Q: Do you believe that Jesus was the son of God? Do you believe that Jesus died on the cross to save us from our sins? If not, then this is not Christianity.
A: Yes, students of The Urantia Book do recognize that Jesus was the Son of God as well as being the Son of Man. Which of these two qualifications is more meaningful? Each of us is a son of God–that was one of Jesus’ primary teachings, the value of the individual, and that while God is no respecter of persons, we’re each equally important to our Father in heaven. Christianity tends to emphasize the teaching that Jesus was a Son of God, neglecting the equally valuable realization that Jesus was also a Son of Man and neglecting to emphasize that we too are sons of God, not in the same sense that Jesus was but in a sense that is equally as cherished and loved by God the father.
By Jesus taking on the role of Son of Man he acknowledged that he would live a life in the flesh just as we mortals do. Although having a pre-existent divine existence before becoming a mortal, he accepted status as a mortal of the realm, was subject to the same vicissitudes of life that mortals are subject to, lived life as we do. Jesus was human as well as divine.
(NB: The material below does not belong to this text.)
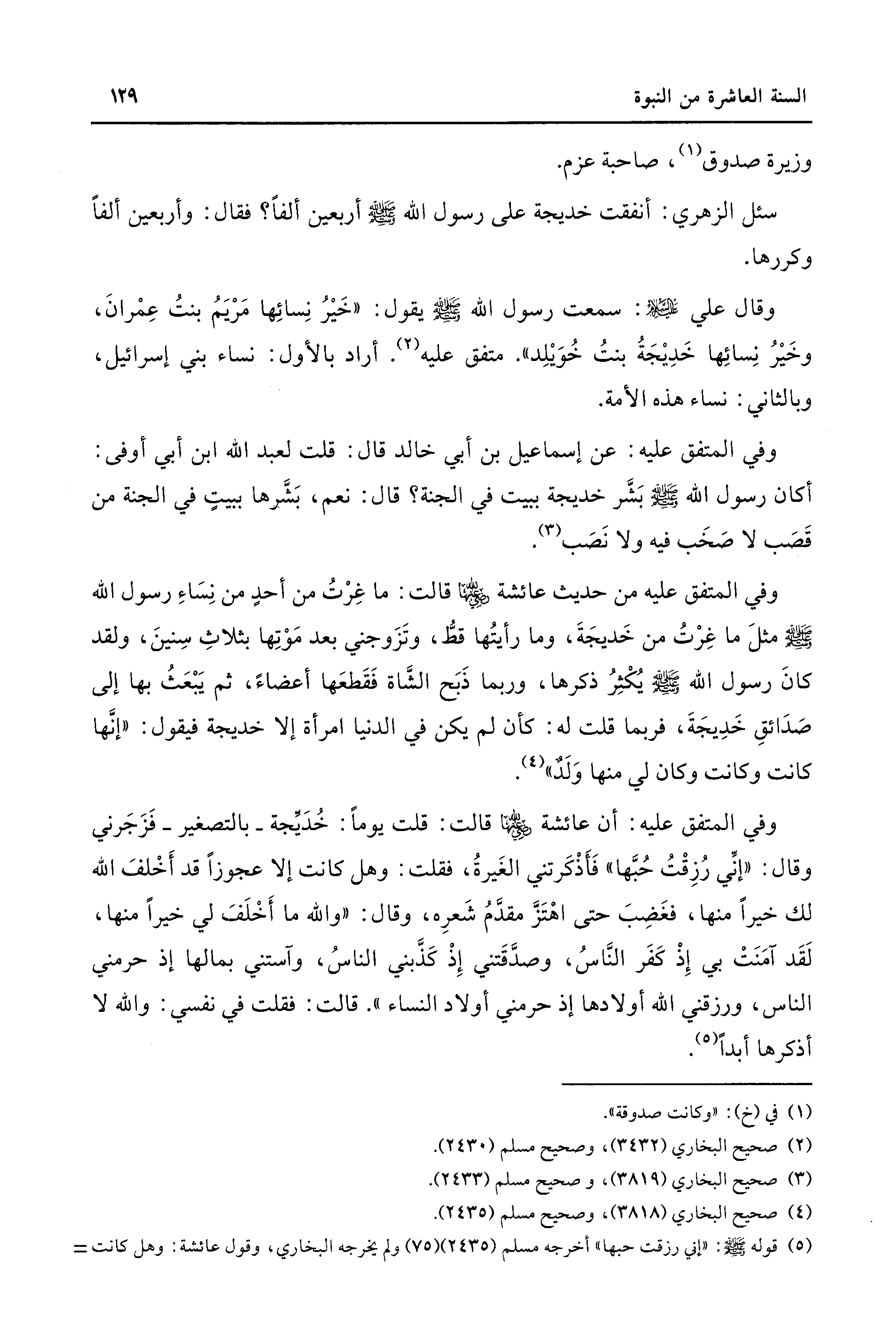 وفي المتفق عليه من حديث عائشة - رضي الله عنهما - قالت: ما غرتُ من أحدٍ من نِسَاءِ رسول الله - صلى الله عليه وسلم - مثلَ ما غِرتُ من خَديجَةَ، وما رأيتُها قطُّ، وتَزَوجني بعد مَوْتِها بثلاثِ سِنينَ، ولقد كانَ رسول الله - صلى الله عليه وسلم - يُكْثِرُ ذكرها، وربما ذَبَح الشَّاة فَقَطعَها أعضاءً، ثم يَبْعَثُ بها إلى صَدَائقِ خَدِيجَةَ، فربما قلت له: كأن لم يكن في الدنيا امرأة إلا خديجة فيقول: "إنَّها كانت وكانت وكان في منها وَلدٌ" (¬4).

Students of The Urantia Book do not believe that Jesus died on the cross to save us from our sins; we do not accept the Christian atonement dogma that proposes that God required a human/divine sacrifice in order to be appeased. We hold the Father in heaven in much higher regard than such a primitive anthropomorphized opinion casts. As the Son of Man, Jesus submitted to torture and a barbaric death, not because God willed it but as a way of making the continuity of life after death undeniable.
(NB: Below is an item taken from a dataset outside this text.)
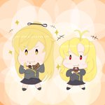 公式のツイートを見て突貫工事で描いたので半分くらい差分ですがフォンテーヌと一緒にそれぞれのプレゼントのミニツリーを飾り付けしたフライブルク&フライブルク人形 #ミストレ #ミストレイラスト #フライブルク誕生祭 #笑顔を皆にフライブルク誕生祭

Not only did he teach that death was not the end of existence, that in his Father’s house are many mansions where he has prepared a place for us, but he manifested this teaching by returning from death. This, and not that he died for sins, is the great gift Jesus has given to humanity for all time that has been lost to much of Christian theology.
You concluded by saying “If not, then this is not Christianity.” Exactly. The Urantia Book is a new revelation of truth, not an amplification of Christianity nor of any other religion on earth. The Urantia Book does not claim to be Christian; it does claim to be Jesusonian — to be an accurate restatement of Jesus’ life and teachings devoid of religious dogma.”